The Cameroons

The coat of arms of German Cameroon 

At the outbreak of war in August 1914 a joint force of British and French soldiers invaded the German colony of Togoland in western Africa, what is now the Togo and Volta regions of Ghana. The German forces were initially overwhelmed and withdrew from the capital and coasts and fought delaying actions while in retreat. The British and French captured and advanced along the railways in pursuit, then converged with a smaller Allied force that had blocked the German army moving further north. In 1916, after a year and a half of fighting, the German forces in Togoland surrendered and the territory was partitioned. Some soldiers of the British West Indies Regiment served in support roles during this last phase of the campaign. The loss of Togoland heralded the beginning of the fall of Germany’s overseas empire.

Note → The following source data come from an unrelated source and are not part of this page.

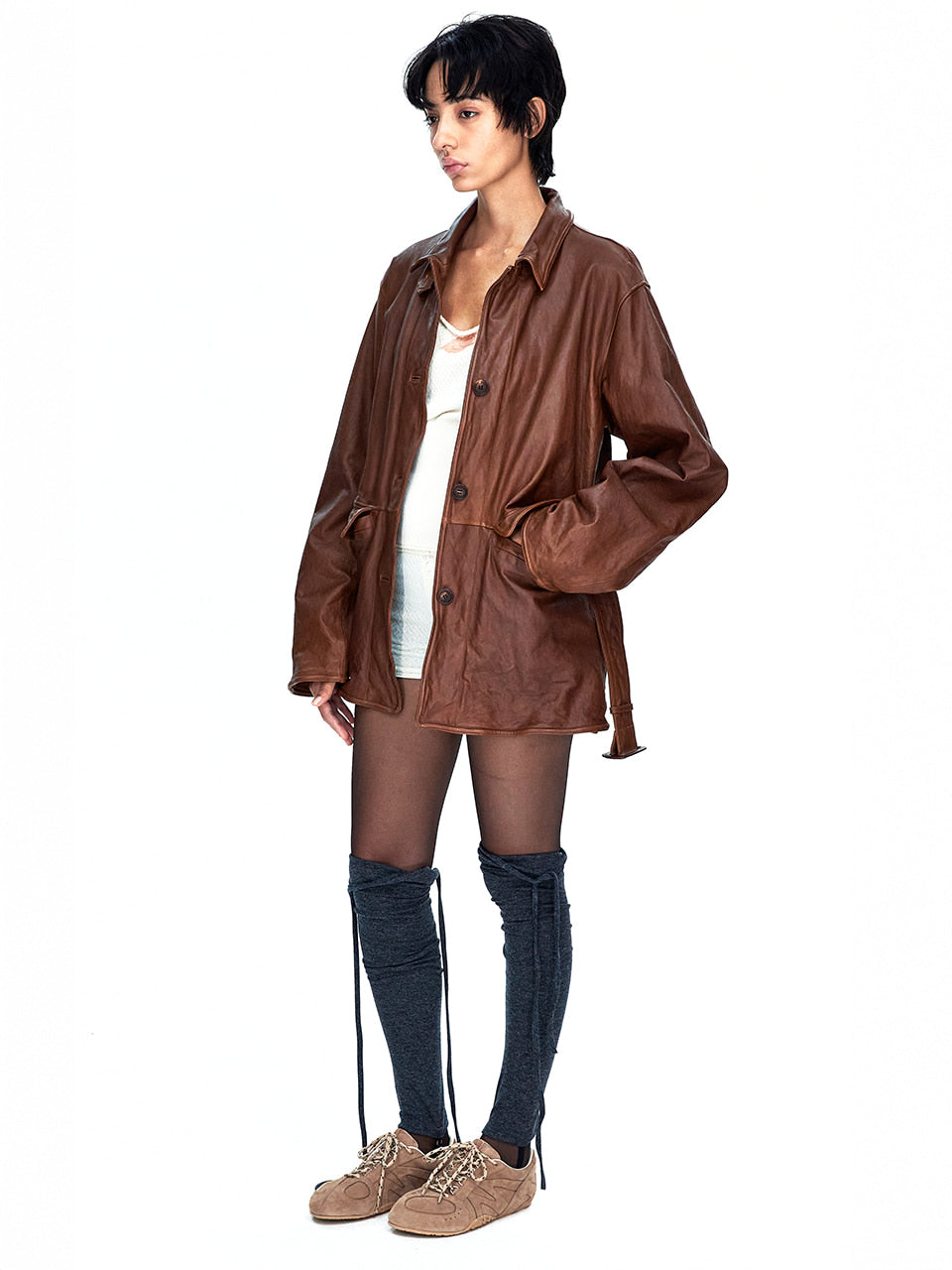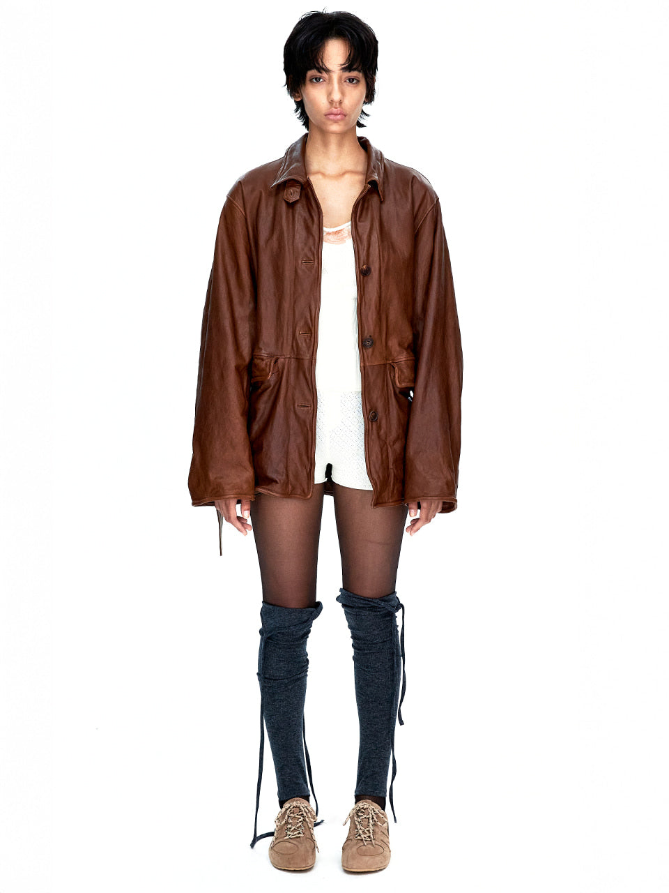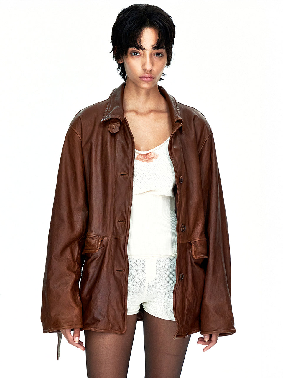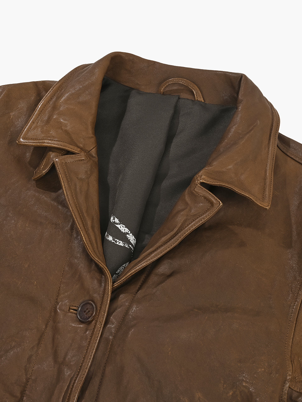 *This product is made from genuine leather with a special washing process to create a vintage mood. Scratches, wrinkles, and grain marks that appear are not defects but intentional design elements of the leather and the washing process. They reflect the unique texture and individuality that only real leather can offer.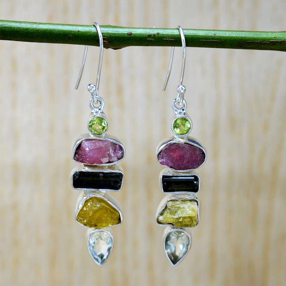 แหวนเงินแท้ 925 ประดับทัวร์มาลีน และต่างหูพลอยดิบหลากชนิด ราคาขายส่ง เครื่องประดับ
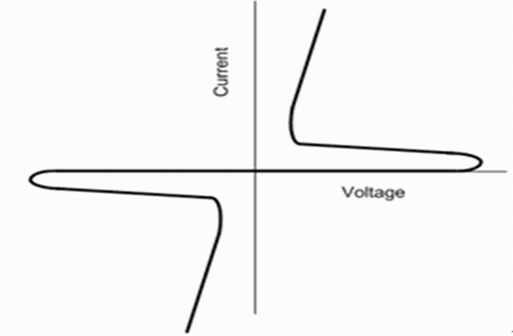 在图4中可以看到一个简单的晶闸管的?;ぬ匦允呛懿欢猿频摹T诘缪怪岬恼较蚓д⒐艿纪ɑ岬贾碌缱杓本缂跎?,而在电压轴的负方向晶闸管会发生电位钳制的动作,相当于一种基于TVS器件的二极管。为了具备对称的过压保护功能,我们必要使用两个反平行的晶闸管。这可以由一对不连续的晶闸管来实现,如图5a所示;或者可以由五种不同掺杂浓度的P区或N区组成的硅器件来实现,如图5b所示那样,这种器件一般就被叫做晶闸管浪涌保护器件(TSPD),它的电流-电压曲线特性如图6所示。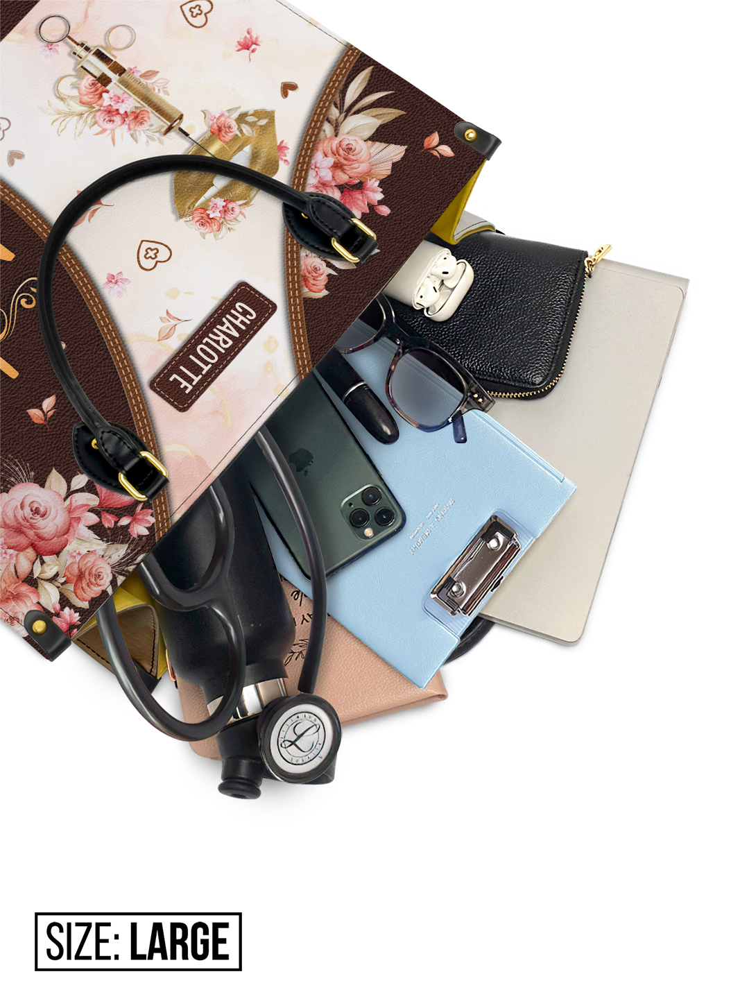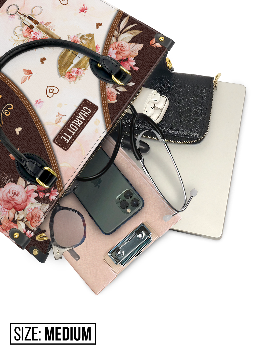 Perfectly sized for versatility, this medium handbag gracefully fits: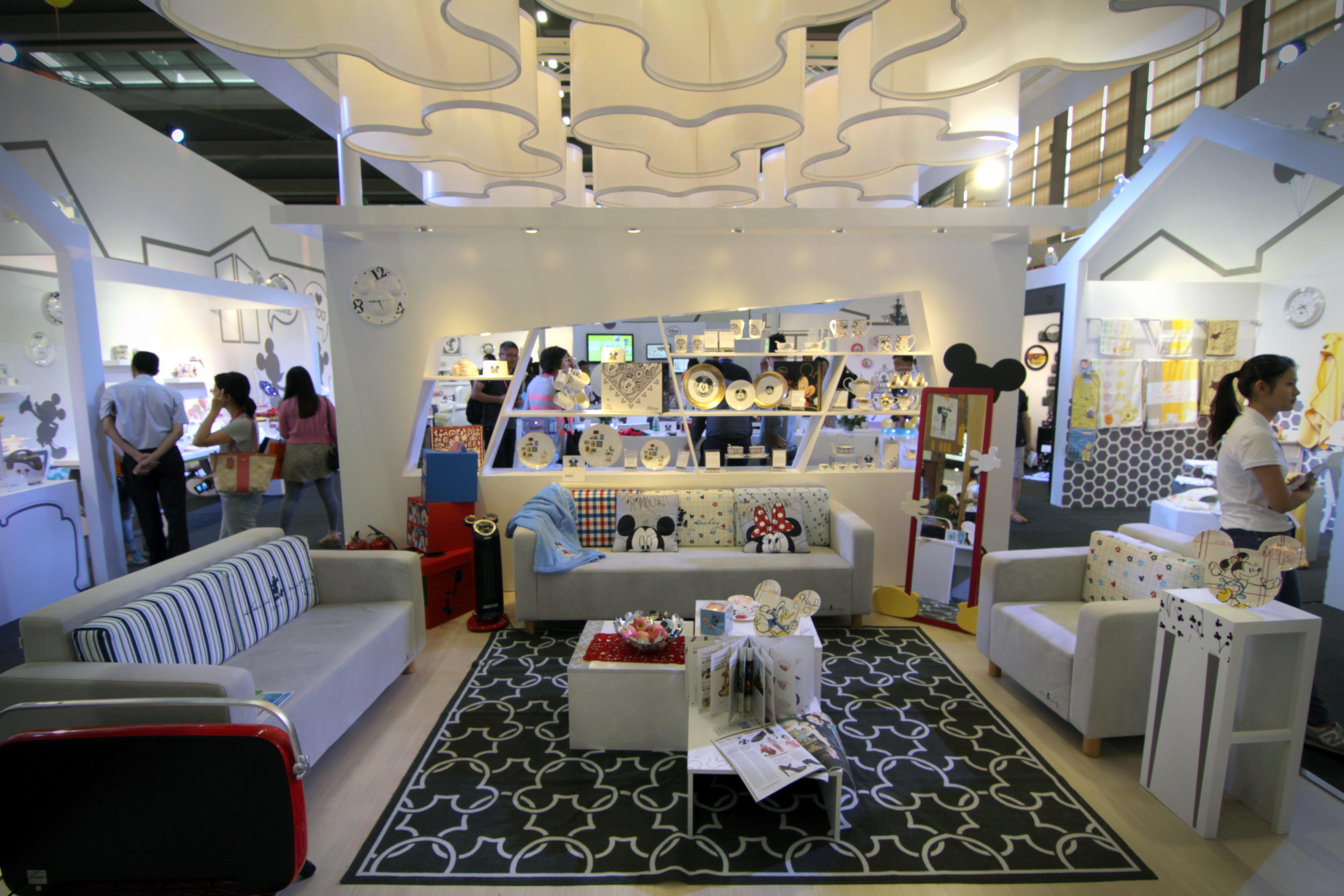 迪士尼家居在此次展覽會上的展位也別具一格。展位呈現了一個中國家庭消費者的家,從起居室到餐廳廚房到臥室等等一應俱全,并展示了如何在不同功能的起居環境里有創意有情趣的運用迪士尼產品來裝點家居。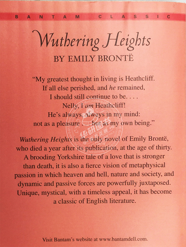Wuthering Heights《呼啸山庄》是英国女作家勃朗特姐妹之一艾米莉·勃朗特的作品,是19世纪英国文学的代表作之一,世界十大文学名著之一,被誉为“英国文学史上震撼人心的奇特小说”。英国知名小说家毛姆曾评论:“我不知道还有哪一部小说,其中关于爱情的痛苦、迷恋、残酷、执着,曾经如此令人吃惊地描述出来。”

Some battalions of the British West Indies Regiment also performed support roles in the Cameroon campaign, which like Togoland began at the onset of war. British forces from Nigeria, supported by French and Belgian allies, crossed south into the German colony of Kamerun in August 1914. The offensive was divided into three, with separate forces pushing into the north, centre, and south of Kamerun. The most success was had in the centre, where the Germans were eventually forced to retreat. The British force in the north of the colony however were stuck in a series of brutal sieges that were to last until the end of the campaign. The force that attacked in the south were defeated and almost completely wiped out by German counter-attacks. While the Allied armies pressed the German defenders of Kamerun into the last of their southern territory the Germans conducted a series of raids across the border into Nigeria. The German commander then ordered the remaining 7,000 soldiers and 7,000 civilians to escape into the neighbouring Spanish colony of Rio Muni.